Eligibility Criteria
- U.S. and non‐U.S. organizations from the authorized geographic code (937) may participate for this NOFO. USAID will not accept applications from individuals. All applications must be legally recognized organizations under applicable law.
- Pursuant to Code of Federal Regulations (CFR) 2 CFR 200.400(g), it is USAID policy not to award profit under assistance instruments such as cooperative agreements.

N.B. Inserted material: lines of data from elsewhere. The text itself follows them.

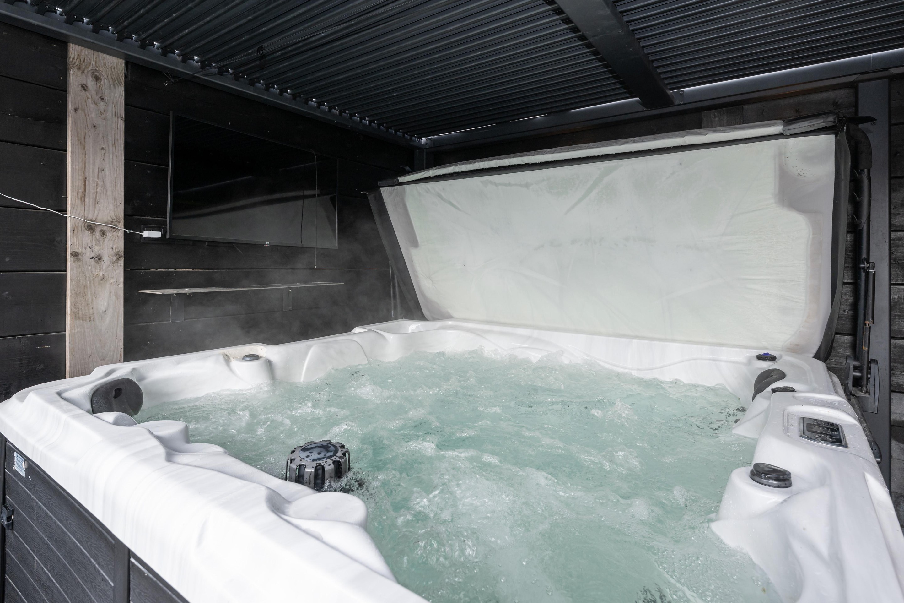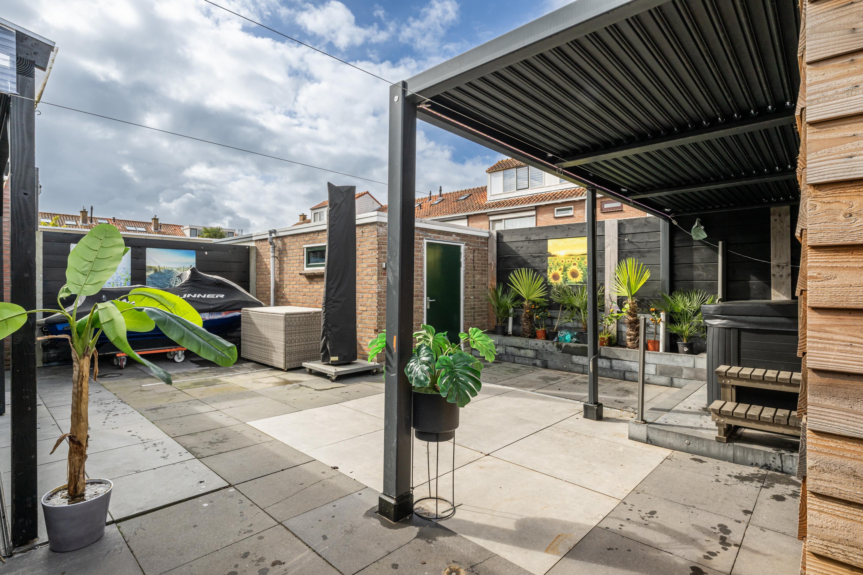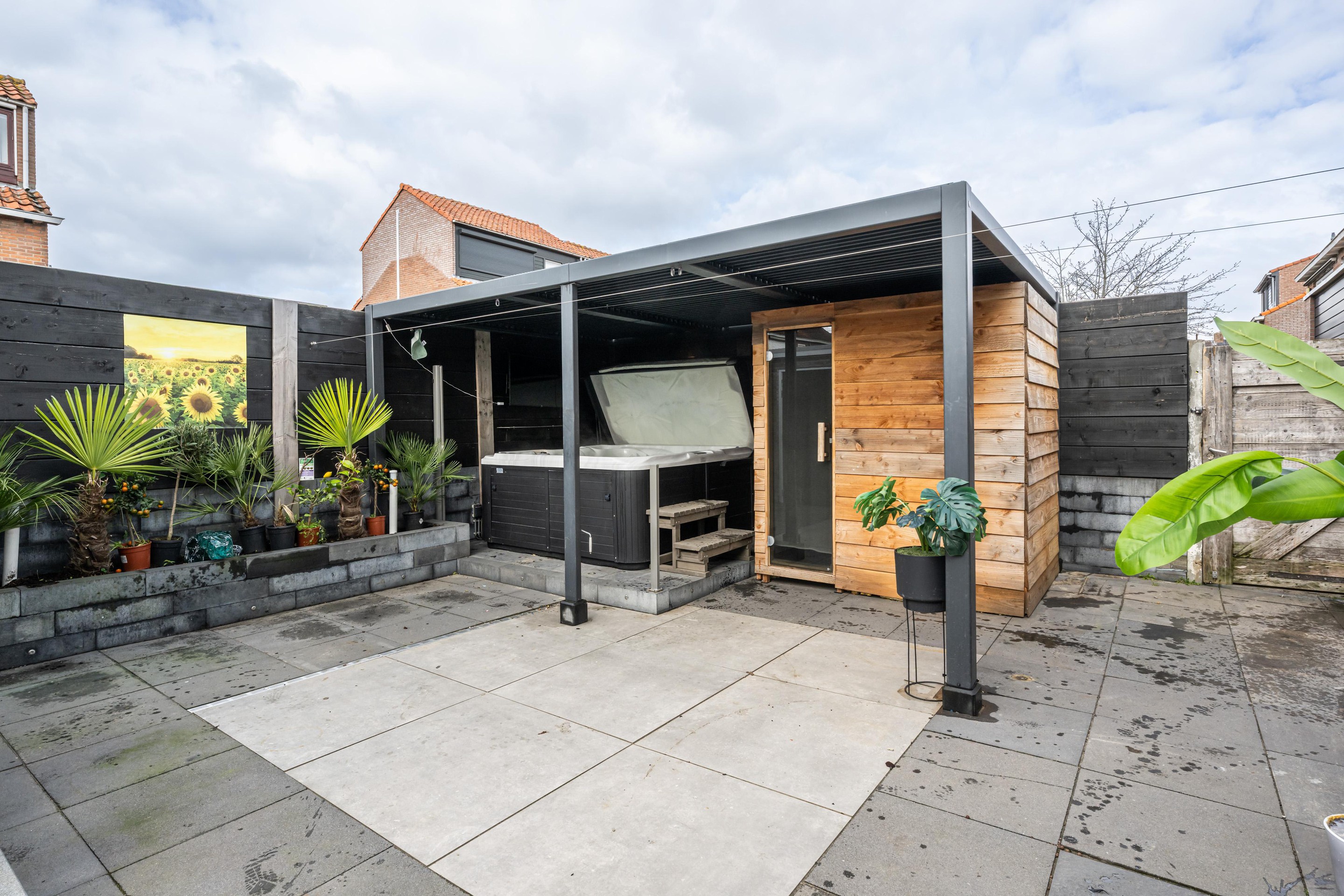 Luxe overkapping met handmatig verstelbare lamellen, sauna en jacuzzi (ter overname), keramische tuintegels, buitenkraan en elektra.
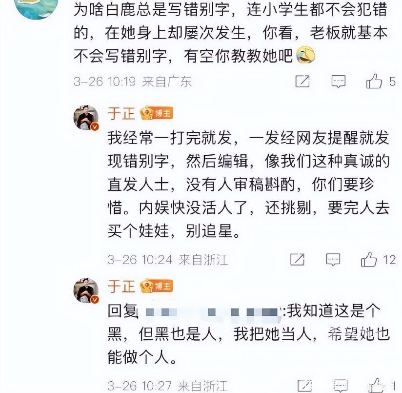 就连于正这样的金牌制作人,也要在微博里为白鹿“硬刚”网友。
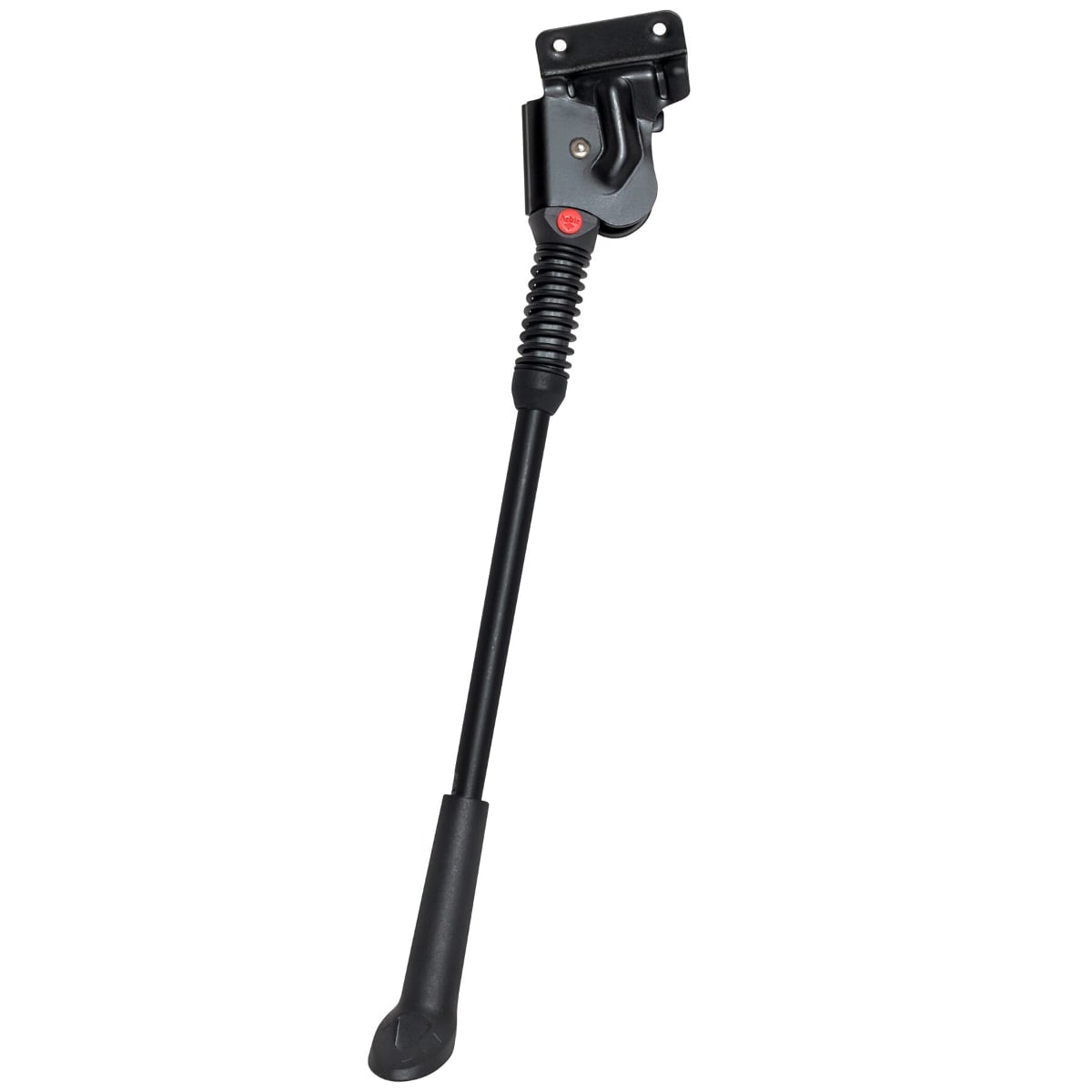 So liegt der Schwerpunkt, besonders bei eingehängten Packtaschen und E-Bike Akkus unter dem Gepäckträger, über dem belastbaren Seitenständer, der das Gewicht über die stabile Verbindung zum Rahmen auch auf weicheren Böden standsicher aufnimmt. Der abriebfeste Kunststoff-Standfuß ist nach oben auf das Standrohr verlängert, fungiert so als drehbare Längenanpassung und schont gleichzeitig die Standrohrbeschichtung beim Einklappen des bewährten Hebie-Federmechanismus. Durch das stufenlos längenverstellbare Standrohr ist der Fix 40 Hinterbau-Ständer für 26 bis 28 Zoll-Fahrräder geeignet.

While for‐profit firms may participate, pursuant to 2 CFR 700.13(A)(1) Prohibition against profit: no funds will be paid as profit to any for‐profit entity receiving or administering Federal financial assistance as a recipient or subrecipient, and as such, for‐profit organizations must waive profits and/or fees to be eligible to submit an application.
- Applicants are encouraged to form partnerships when developing Concept Paper. Please note, that Applicants can serve as sub‐awardees, members of a consortium or supporting partners on multiple Concept Paper. However, all eligible interested organizations are restricted to submitting only one Concept Paper as the Prime Applicant at any given time.
- Successful applicants must have established financial management, monitoring and evaluation processes, internal control systems, and policies and procedures that comply with established U.S. Government standards, laws, and regulations.
- USAID welcomes applications from organizations that have not previously received financial assistance from USAID.
- Faith‐based organizations are eligible to apply for federal financial assistance on the same basis as any other organization and are subject to the protections and requirements of Federal law.